An escrow account is created when one party to a transaction delivers a sum to a third party, the escrow agent, to hold until a certain condition is met, at which point the sum is delivered to the other party to the transaction. Grand Pac. Fin. Corp. v. Brauer, 57 Mass. App. Ct. 407, 416, n. 6, 783 N.E.2d 849, 859, n. 6 (Mass. 2003) (citing Frontier Enterprises, Inc. v. Anchor Co. of Marblehead, 404 Mass. 506, 510, 536 N.E.2d 352 (1989)); see also Black's Law Dictionary 584 (8th ed. 2004) (defining escrow as ". . . 4. the general arrangement under which a legal document or property is delivered to a third person until the occurrence of a condition.").
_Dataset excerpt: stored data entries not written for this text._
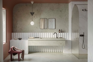 Die 3D-Ink‑Technologie, die erstmals auf dem Feinsteinzeug in Marmoroptik von The Top zur Anwendung kommt, erzeugt leichte Furchen an den Aderungen, was die Tiefenoptik der Materialzeichnung verstärkt. Jura ist vom Fränkischen Jura aus der Fränkischen Alb inspiriert. Die bei diesem Stein typische Varietät aus Meeressedimenten ist durch eine gleichmäßige Grafik sowie etliche fossile Muscheln und Rückstände gekennzeichnet, die der Oberfläche ein abwechslungsreiches Aussehen verleihen. Der brasilianische Quarzit wird von Infinity in der tiefdunklen Farbe Anthracite interpretiert. Kiesel in verschiedenen Größen weisen eine dezente Ton-in-Ton-Nuancierung in Kombination mit zarten Aderungen auf.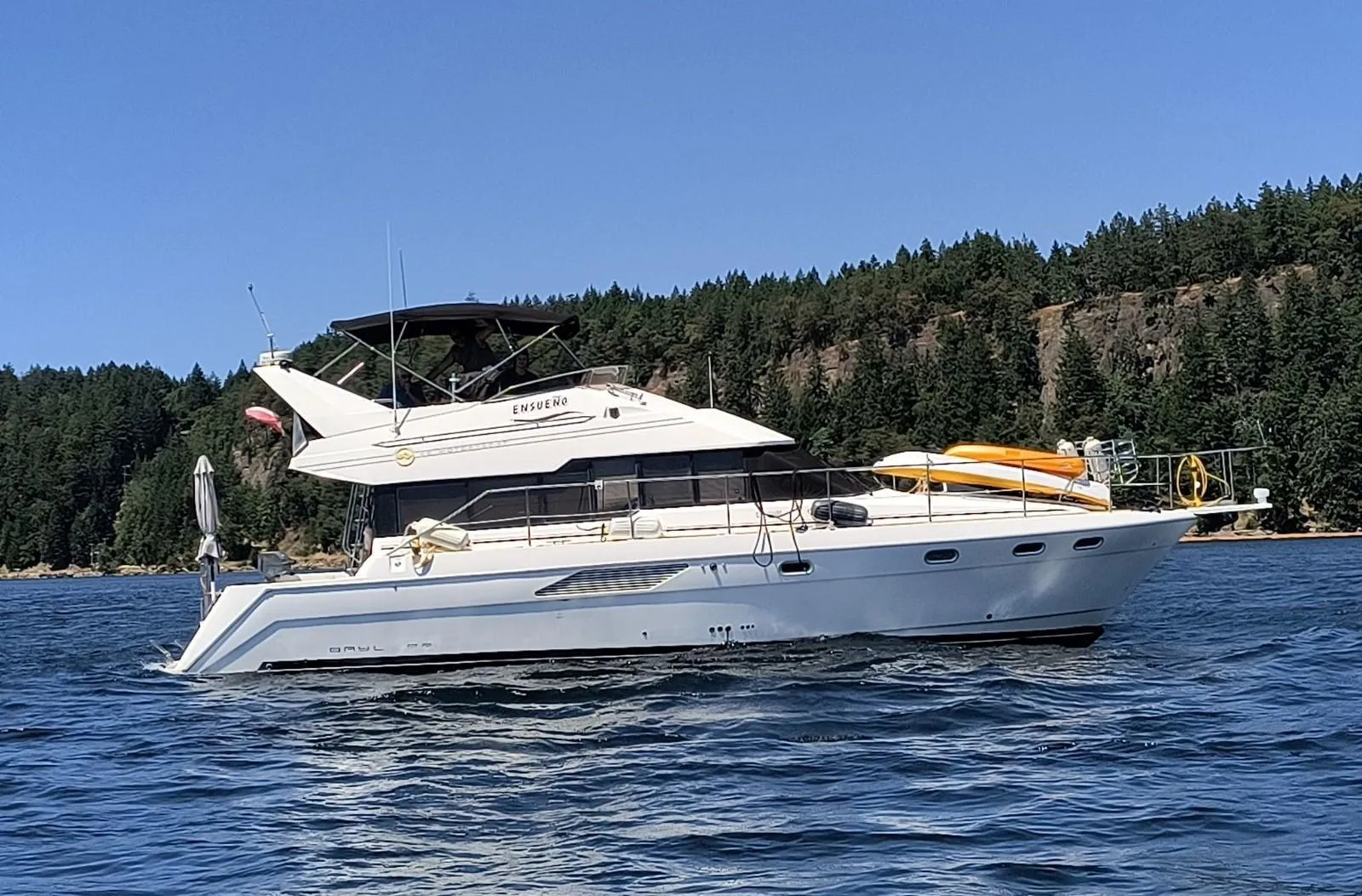 The 4388 Bayliner Motor Yacht is a great looking Command Bridge Sedan MY with a two stateroom layout that works well for family & friends. The Roomy Salon has a port side convertible dinette with seating for 6 to 8 people. To stbd, is the entertainment area with a Samsung TV, Fireplace and excellent storage. Further forward on the port side is the lower helm and directly across to port is the U-Shaped galley with Nova Kool side by side fridge freezer and Seaward 3 Burner Plus Oven LPG Stove. The Espar DL5 Diesel Forced Air Furnace will ensure cruising comfort during the shoulder seasons. The twin 250 HP Hino Diesels will deliver a respectable high cruise of 19 knots. The 8 Kw Onan Genset provides generous ship's power at anchor.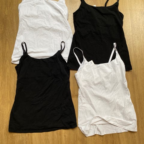 H&M ammetoppe str. XL. De er godt brugt og den hvide top har lidt misfarvning indvendigt, hvor barmen er. Deraf prisen. Dog stadig bløde og dejlige at have på.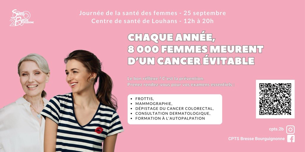 Le 25 septembre, la CPTS de Bresse organise une journée entièrement dédiée à la santé des femmes qui se déroulera au Centre de santé de Louhans et au Centre Hospitalier de la Bresse Louhannaise ( au rez de chaussée de l’hôpital et à la Maison Médicale de Garde sur le site du Centre Hospitalier).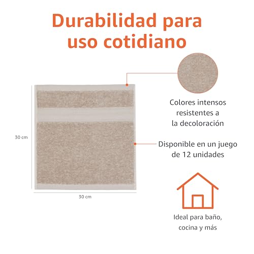 Es probable que al probar este paquete de 12 toallitas de algodón de Amazon Basics se aprecie la combinación de suavidad, durabilidad y resistencia a la decoloración, características importantes en toallas de baño usadas a diario. Su tamaño permite que sean muy versátiles, útiles para la cara o como toalla de mano en diferentes espacios del hogar y cocina.

The intent of the parties controls whether a sum placed with the third person is an escrow or a completely executed instrument. 28 Am. Jur. 2dEscrow § 7. "When the language of the instrument is vague and indefinite, however, the court must inquire into the circumstances and conditions surrounding the execution of the agreement to ascertain the intention of the parties." Id. A formal contract is not needed to form an escrow agreement; courts have inferred such agreements from an exchange of letters. Mercurius Inv. Holding, Ltd. v. Aranha, 247 F.3d 328, 331 (1st Cir. 2001) (applying Massachusetts law) (citing Kaarela v. Birkhead, 33 Mass. App. Ct. 410, 600 N.E.2d 608, 609-10 (Mass.App.Ct. 1992)). "Moreover, while cases often speak of funds in escrow as being held by a third party, one party's counsel may act as an escrow holder so long as the parties agree that in this capacity counsel is to serve not as 'the agent of either of the parties,' but as 'a fiduciary of both of them.'" Id.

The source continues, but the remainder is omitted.